Artificial Intelligence (AI) is a broad field encompassing various machine learning, logic, and knowledge-based techniques and approaches to create systems that can perform tasks typically performed by humans or require human cognitive abilities. This includes tasks such as natural language processing, image recognition, problem-solving, and decision-making. As per the European Union’s AI Act and OECD Report on AI Risk Management, an AI system is a machine-based system that, for explicit or implicit objectives, infers from the input it receives how to generate outputs such as predictions, content, recommendations, or decisions that can influence physical or virtual environments.
There are two broad classifications:
GANs are machine-learning frameworks that consist of two neural networks, a generator and a discriminator. The generator generates data by shaping random noise fed to it into a target format. Generators alone cannot assess the quality of their output. This is where the discriminator model comes in. The discriminator aims to differentiate between real data and fake data generated by the generator. The two are trained simultaneously, with the discriminator trained to differentiate real and generator data, and the generator trained to confuse the discriminator by making increasingly realistic data. As training progresses, each model becomes increasingly better at its task resulting in the generator being able to create realistic-looking content. The challenge with GANs is training them. For example, GANs can undergo model collapse in training, in which the generator only learns to generate a small variety of samples sufficient to confuse the discriminator but not sufficient to be useful. This is where the diffusion model comes in. In essence, diffusion models are trained to recover training data from noisy-field versions of it. After training, diffusion may ideate entirely new images from a pure noise input. It iteratively constructs an image through a gradual denoising process.
Next, Autoregressive models are rooted in statistics. It generates sequences of data by modeling the probability of the next element in a sequence conditioned on the prior elements. The next element is then randomly selected from this distribution, using a “temperature” parameter can nudge the results to be more deterministic or more random, and the process is repeated. Popular neural network components for autoregressive models include LSTMs and transformers (which allow neural networks to learn patterns in very large volumes of text training data). Instead of just completing a sequence fed to it, we add an alignment stage to autoregressive models. Here, model is additionally trained to prefer certain input-output pairs to others based on human feedback. Eg, In LLMs alignment, has successfully taught models how to respond to questions and commands (reinforcement learning).

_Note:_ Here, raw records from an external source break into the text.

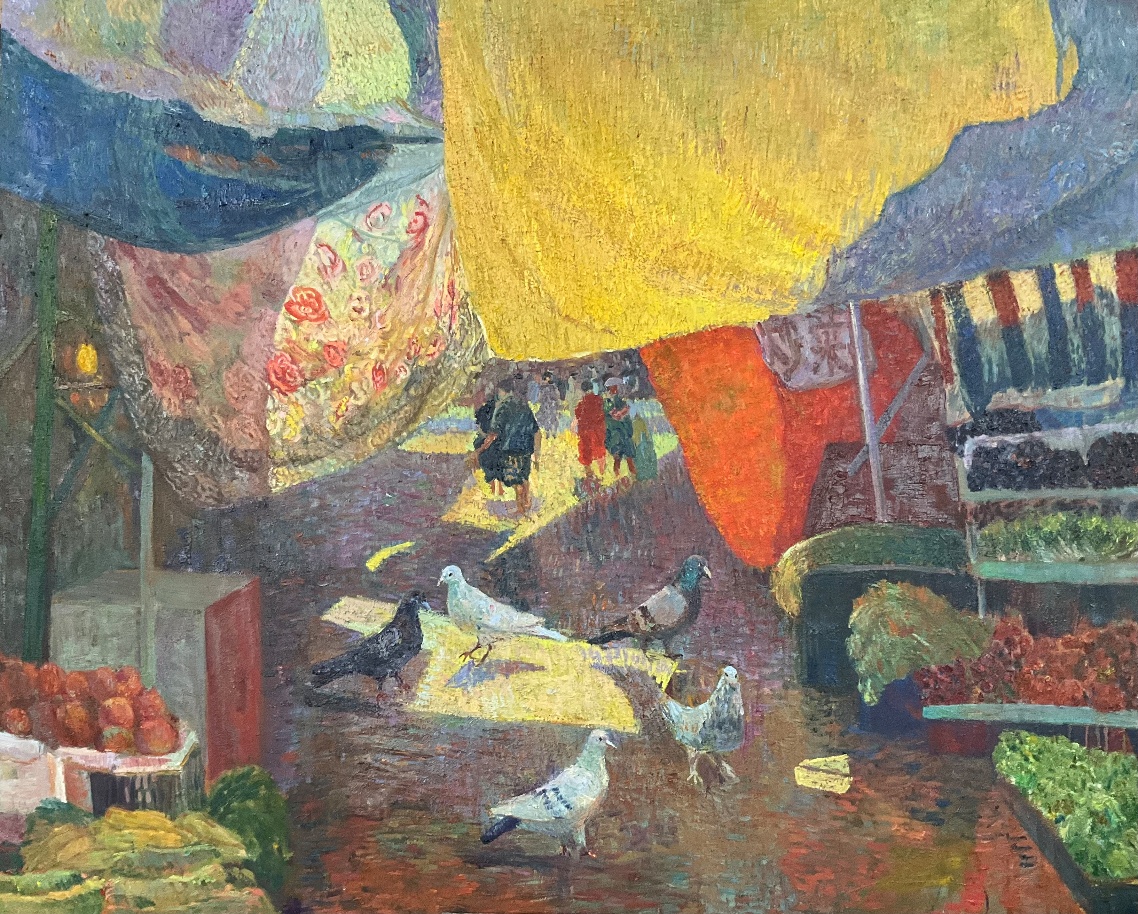刘砚书《暖阳下的集市》布面油画 120x150cm 2025年
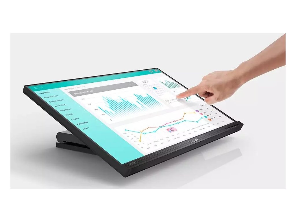 Odolná dotyková antireflexní obrazovka pro flexibilní použití, s otočným stojanem a nastavením úhlu podle potřeby. Pokročilá technologie In-Cell Touch (AIT) nabízí tenčí vzhled, vynikající citlivost na dotek pro rychlou odezvu a vynikající a zřetelnější viditelnost.
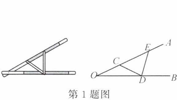 1. 公元前 $4$ 世纪,古希腊数学家提出了“三等分角”的几何问题. 借助如图所示的“三等分角仪”能三等分任一角. 这个三等分角仪由两根有槽的棒 $OA$,$OB$ 组成,两根棒在点 $O$ 处相连并可绕点 $O$ 转动,点 $C$ 固定,$OC = CD = DE$,点 $D$,$E$ 可在槽中滑动,若 $\angle BDE = 75^{\circ}$,则 $\angle CDE$ 的度数是(
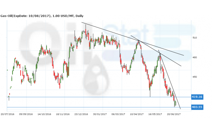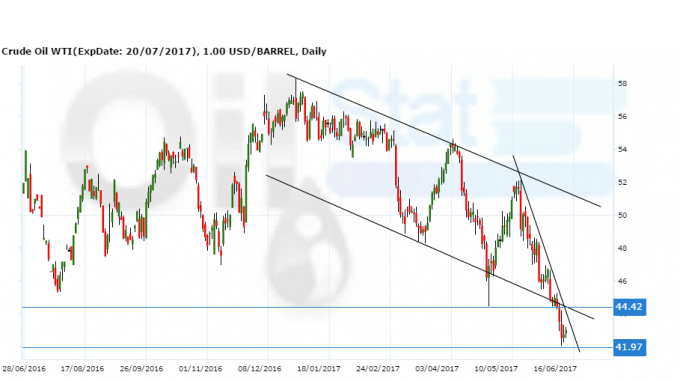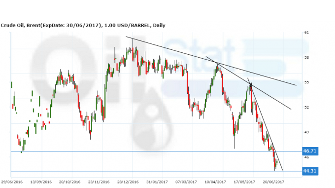 Сценарий роста: рассматриваем августовский фьючерс с датой экспирации 30 июня. Видим, что цена не перестает падать. Уровень 44.30 выступил краткосрочной поддержкой. Коррекция назрела, однако мы не видим сигналов разворота, так как не появилось ни одной зеленой свечи с длинным телом. Для размышлений о покупках рынок должен вырасти выше 46.00. В текущей ситуации не покупаем.

Data plays a central role in the development of generative AI models, particularly Large Language Models (LLMs). These models rely on vast quantities of data for training and refinement. For example, OpenAI’s ChatGPT was trained on an extensive dataset comprising over 45 terabytes of text data collected from the internet, including digitized books and Wikipedia entries. However, the extensive need for data collection in generative AI can raise significant concerns, including the inadvertent collection and use of personal data without the consent of individuals. Google AI researchers have also acknowledged that these datasets, often large and sourced from various places, may contain sensitive personal information, even if derived from publicly available data.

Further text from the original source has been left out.